Джейн больше не посылала ему писем. Она боялась показать свою неуверенность и повторить ошибку, которую совершила с Эриком. Необходимо доверять Алексу и самой себе. Если бы он хотел положить конец их отношениям, то не стал бы посылать последнее сообщение. Необходимо смириться с тем, чего она не понимает, не контролирует и даже не представляет. «Не охраняй». Через четыре дня он все объяснит. А пока лучше перечитать свое выступление. Алекс ведь тоже будет сидеть в зале.
В четверг, четырнадцатого мая, не в силах справиться со своей тревогой, она отыскала в справочнике номер телефона факультета, где работал Алекс, и набрала его дрожащими пальцами. Представившись преподавателем из Девэйна, она сказала, что ей необходимо как можно скорее связаться с Алексом Леттерманом. Упоминание о Девэйне всегда магически действовало на секретарш.

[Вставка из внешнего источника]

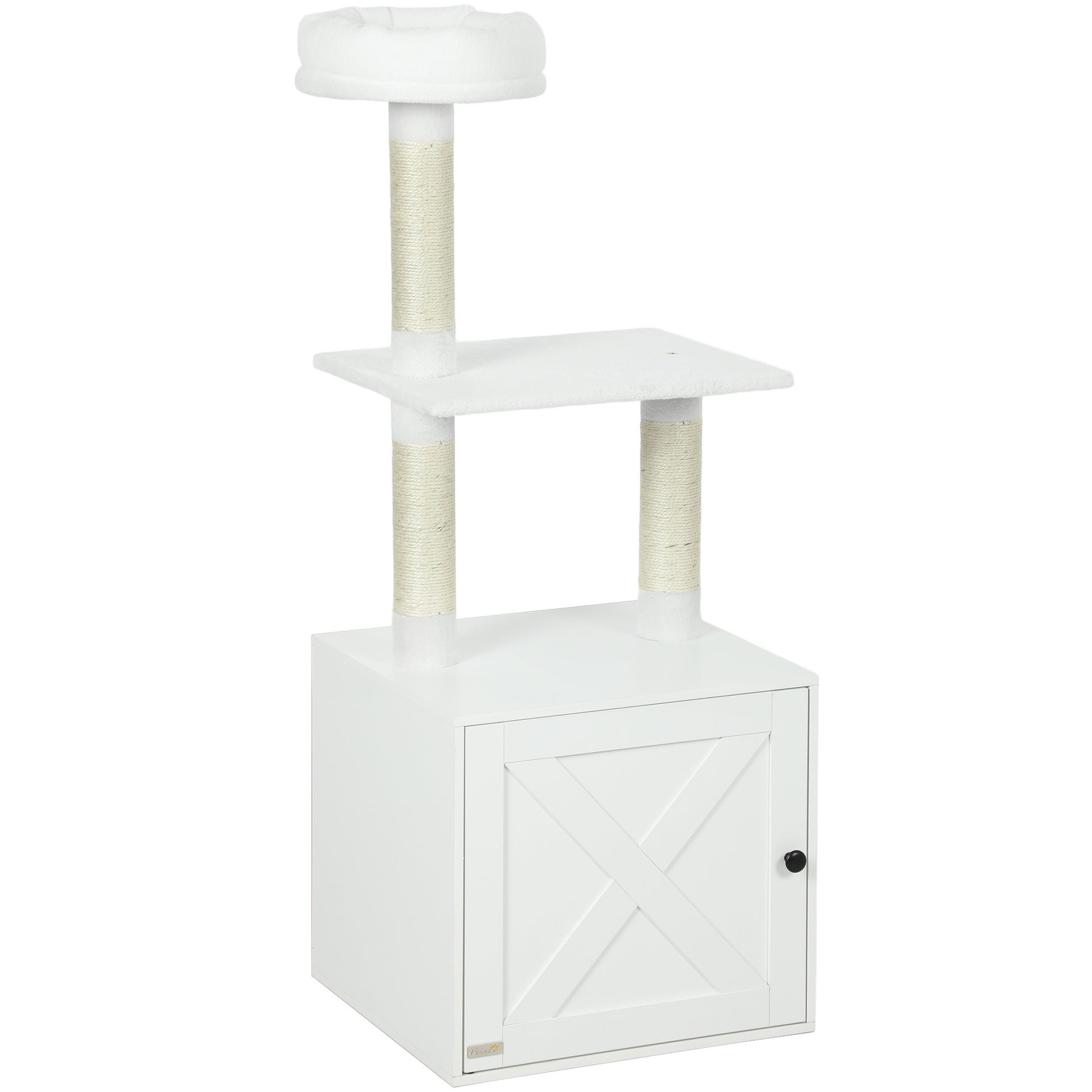 🐱 The Ultimate All-in-One Cat Tree with Hidden Litter BoxTransform your cat's world with our revolutionary Cat Tree with Litter Box Enclosure! This isn't just a cat tree – it's a complete feline entertainment and privacy center that combines climbing fun with discreet litter box storage. With multiple scratching posts, cozy bed, climbing platforms, and a hidden litter compartment, this white tower maximizes vertical space while keeping your home organized and odor-free.

— Сожалею, — вежливо ответил женский голос на другом конце провода, — но преподаватель Леттерман еще не вернулся из Франции. Он должен приехать через неделю. Что ему передать?

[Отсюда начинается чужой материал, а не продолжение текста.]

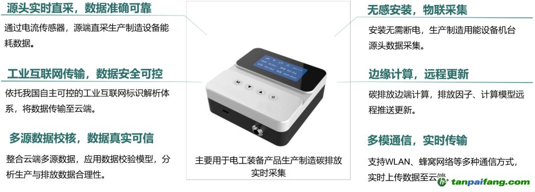 工業(yè)互聯(lián)網(wǎng)云端碳表可動態(tài)感知讀取電流、電壓等瞬時(shí)數(shù)據(jù),結(jié)合內(nèi)嵌的碳排放轉(zhuǎn)換算法計(jì)算實(shí)時(shí)碳排放數(shù)據(jù),并將數(shù)據(jù)傳輸和儲存至云端,為企業(yè)碳排放、產(chǎn)品碳足跡計(jì)算提供有效支撐。

Кладя трубку, Джейн облегченно вздохнула. Алекс не солгал: он уехал, далеко, во Францию. Возможно, сейчас он сидит в какой-нибудь маленькой деревушке рядом с умирающим от СПИДа другом, и там, вполне вероятно, нет доступа к Интернету. Он вернется «через неделю»: значит, после коллоквиума на Гавайях.
Она поедет туда послезавтра, рано утром. Здесь дождь, но на Гавайских островах, конечно же, будет хорошая погода. Надо достать свои летние платья и погладить их. А еще ей нужен новый купальник, сплошной: Алекс не должен видеть ее живот тридцативосьмилетней женщины. Когда она проходила мимо кабинета Дон, та окликнула ее:
— Джейн, вы еще не ушли? Вас хотел видеть профессор Бронзино. И как можно скорее. До шести часов он будет в Центре Крамера.

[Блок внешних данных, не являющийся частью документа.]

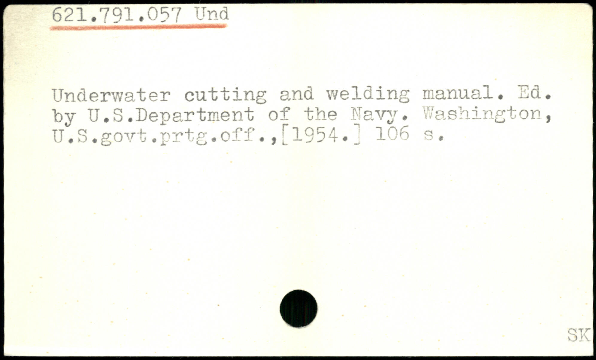 Underwater cutting and welding manual. Ed. by U.S.Department of the Navy. Washington, U.S.govt.prtg.off.,[1954.]

Было уже без двадцати пяти шесть, а магазины закрывались ровно в шесть. Купальник придется купить завтра. Она села на велосипед и под дождем поехала к Центру Крамера. Там она постучалась в дверь к Бронзино.
— Входите.
Его кабинет был меньше, чем у декана факультета в новом здании, однако выглядел благороднее из-за старинного стола, книжных полок из темного дерева, а также дубовых панелей на стенах и цветных витражей в окнах. Бронзино, надев очки, стоял перед книжными полками и расставлял книги. Он подошел к ней и нежно поцеловал, чего она от него не ожидала.
— Поздравляю. Я слышал, ты согласилась на предложение из Мадисона. Превосходный университет! Возможно, когда-нибудь ты снова вернешься к нам. Очень надеюсь. Нам тебя будет не хватать. Мне тебя будет не хватать.
Впервые почти за восемь лет он говорил с ней не как начальник. Он казался искренним, хотя и ничего не сделал, чтобы удержать ее в Девэйне.
— Я уверена, что буду скучать по этому старому доброму Олд-Ньюпорту, — сказала Джейн, — да и по тебе тоже.
Бронзино снял очки, сложил их и положил на письменный стол. Теперь он носил костюмы и рубашки в серо-черных тонах от Кальвина Кляйна, а также галстуки. Вместо ботинок на микропоре — великолепные дорогие туфли.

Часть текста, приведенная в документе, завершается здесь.